Knowledge Graph

Johann Wolfgang von Goethe

1749 – 1832 · German
#literature#idealism#romanticism#science

German poet, novelist, playwright, natural philosopher, and statesman — the commanding figure of German literature and one of the last European writers to whom the idea of universal culture (Weltliteratur, a term he coined) was not an ironic aspiration. Goethe's range is without real parallel in modern letters: lyric poet, author of the runaway 1774 sorrows-of-young-Werther sensation that set off an epidemic of suicides across Europe, of the Bildungsroman Wilhelm Meister, of scientific works on color and plant morphology, and across more than sixty years of two Faust dramas that he treated as the vessel of his life's thought.

Faust — Part One (1808) the Gretchen tragedy every German schoolchild encounters; Part Two (pub. 1832) a cosmic allegory of human striving, economic modernization, and classical-romantic synthesis that most readers never finish — is the great ambiguous monument of German literature. The scholar who sells his soul to Mephistopheles, seduces and destroys an innocent girl, and is in the end redeemed because he has striven, is Goethe's final word on the moral ambiguities of the modern self.

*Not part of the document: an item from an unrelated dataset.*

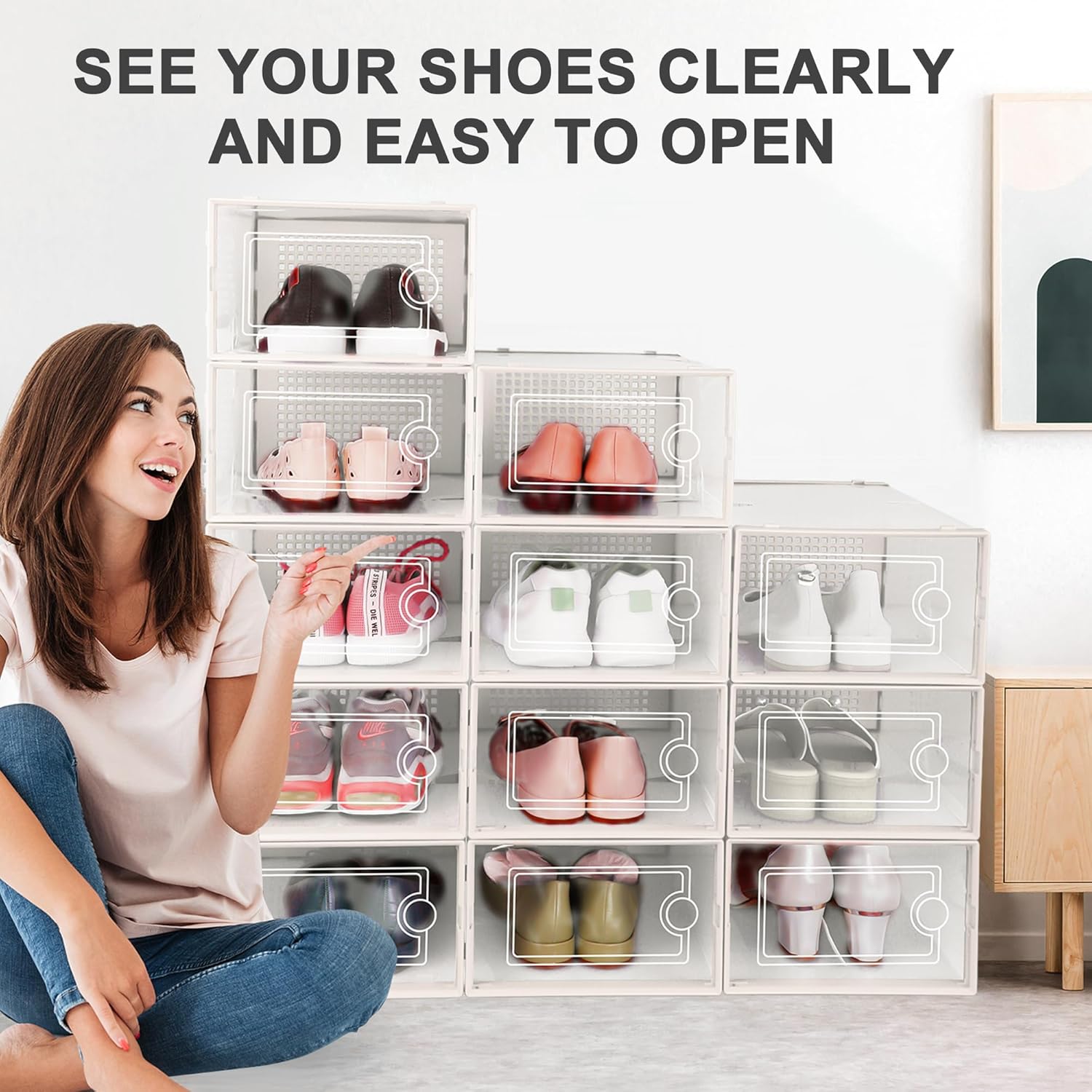 • Stackable Design: Slot lock design makes it easy to stack the shoe boxes together. You only need to Insert-and-push to finish the stacking. This design makes the shoe storage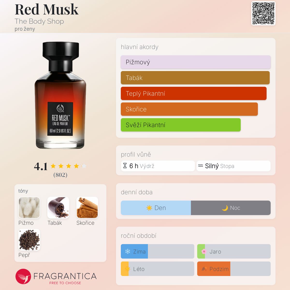 Red Musk podle The Body Shop je Aromatic Spicy vůně pro ženy. Red Musk byl/a uveden/a v roce 2014. "Nosem" za touto vůní je Corinne Cachen. Vrchní tón je Pepř ; střední tón jeSkořice ; základní tóny jsou Pižmo a Tabák.

He served for decades as minister in the small court of Weimar under Duke Karl August, making Weimar the center of German letters. His friendship with Schiller produced the "Weimar Classicism" against whose measured classical ideal the early Romantics (and the later Nietzsche) both defined themselves. Emerson, Carlyle, and Mann took him as the exemplary modern European. The German word Goethezeit — "the age of Goethe" — treats him as a whole period in the life of the language.